Finding the best solution to complex social issues like health is a constant challenge for government at all levels. Explore our work into using scalable benchmark problems to provide a solution.

In this blog, I will be sharing insights into some exciting SIPHER work seeking new scalable benchmark problems that can represent some of these real-world challenges and drive us closer to developing a practical tool to help decision makers and researchers.

The Problem?

Local authorities are routinely faced with complex social problems where they would ideally like to achieve several different objectives. Finding the optimum solution can only be achieved by involving the different teams (“disciplines” in the language of optimization) with their own specialist knowledge, and ensuring everyone works together.

The local authority has its top-level objectives to fulfil i.e., staying within budget, maintaining services (which could be broken down into smaller goals). Meanwhile, the disciplines are each focused on targeted objectives within their specialised area. As an example, education will involve various disciplines including institutions – nurseries, schools, colleges and adult education centres – as well as charities and businesses. They all have an interest in education, but their interests may or may not aligned with the objectives of the local authority.

Different disciplines are also likely to interact with each other; if we implement change in one discipline, we will see knock-on effects in another. Build more housing, for example, and the transport discipline will need to adjust their design variables in response, because there is now a need for more buses or different routes to service the public transport needs of the people in the new housing.


City Illustration - Graphic depicting modern city exterior map.

One potential system is a city or town. The disciplines (business, housing, transport, parks etc.) interact with each other, and influence the objectives of the city or town as a whole.

The Solution – MO-MDO

The types of challenges faced by local authorities are not unique. Large engineering organisations and industries are also faced with these type of complex issues.
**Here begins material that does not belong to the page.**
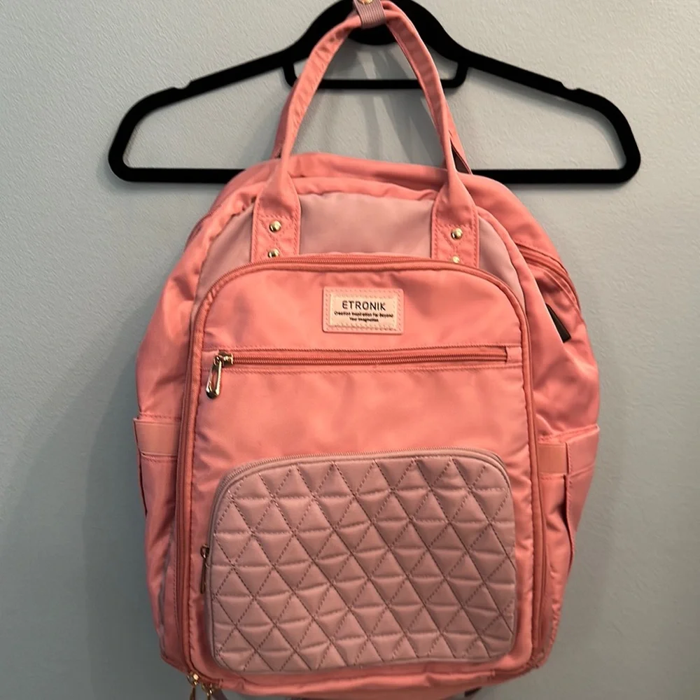 A cute back to school, electronic backpack, with three compartments to side holders and a black access pole through charging adapter.

And they came up with an answer that works in practice – “multidisciplinary optimization (MDO)”

MDO means we have more than one discipline, or disciplinary team, in the optimization problem, and we want them to work together in some way to deliver an objective. Think of a complex engineered product such as a car. Multiple disciplinary teams are involved in designing the car with many different focuses – safety, ride handling, noise and vibration, performance, and efficiency.

These disciplinary teams can’t work in a completely independent fashion; they need to share information with each other. In an example system with two disciplines, A and B, the outcome of discipline A is linked to the choices made by discipline B. In our car example, the wheel tyre size affects the ride handling, performance, and vibration. This means that the disciplinary teams must interact with each other to find a solution that is, overall, optimal for some performance metric such as cost or weight (in the case of the car), as well as guaranteeing compatibility between disciplines. Here, compatibility means the disciplines need to reach agreement about shared choices and about how each discipline’s actions will affect the other disciplines.

How do we do this? Our MDO formulation contains three types of variables: global, which can be used by any discipline, local, which can only be used by one subsystem, and linking variables, which allow the disciplines to ‘talk’ to each other.

When we combine this with “multi-objective” – delivering more than one objective or goal in the most optimised solution – we get multi-objective, multidisciplinary optimization (MO-MDO).

The aim is to end up with a problem that uses specialised disciplines to reach some optimisation goal, but also permits multiple objectives. More importantly, in the programme of work we are currently undertaking, we are aiming to formalise a SIPHER problem into this format, which we can then solve using some of the methods presented by the MO-MDO scientific community.


If we want to apply MDO methods to other complex systems, including the social systems SIPHER is focused on, we need to create some benchmark problems.

A benchmark is an easily understood test problem that is solved by an optimization algorithm or architecture, usually where we know the ‘correct answer’ in advance. The accuracy of the answer obtained by the algorithm, the speed at which the problem is solved, and the resources used by the computer are just three metrics which are useful outcomes of benchmarking.

We need reliable benchmarking to make sure the methods we apply to our SIPHER problems  are both accurate and efficient.

Despite the fact that much of the early MDO research originated in large industrial applications such as aerospace engineering, when starting this project, there were no available MO-MDO ‘benchmark’ problems that were suitable for SIPHER to adopt. We require benchmarks with  large numbers of constituent components (such as local authorities), design variables, constraints, objectives and so on, that we would see in complex real-world SIPHER problems.

SIPHER’s approach

In 2000, a multi-objective benchmarking test set called ZDT was introduced. This test set is popular and still used today in multi-objective optimization research. We extended the ZDT benchmark problems so they could be applied to MDO problems. Scalable benchmarking for multi-objective MDO is a novel topic, so we chose this problem set to build on because of the simplicity, scalable nature, and separability of the problems.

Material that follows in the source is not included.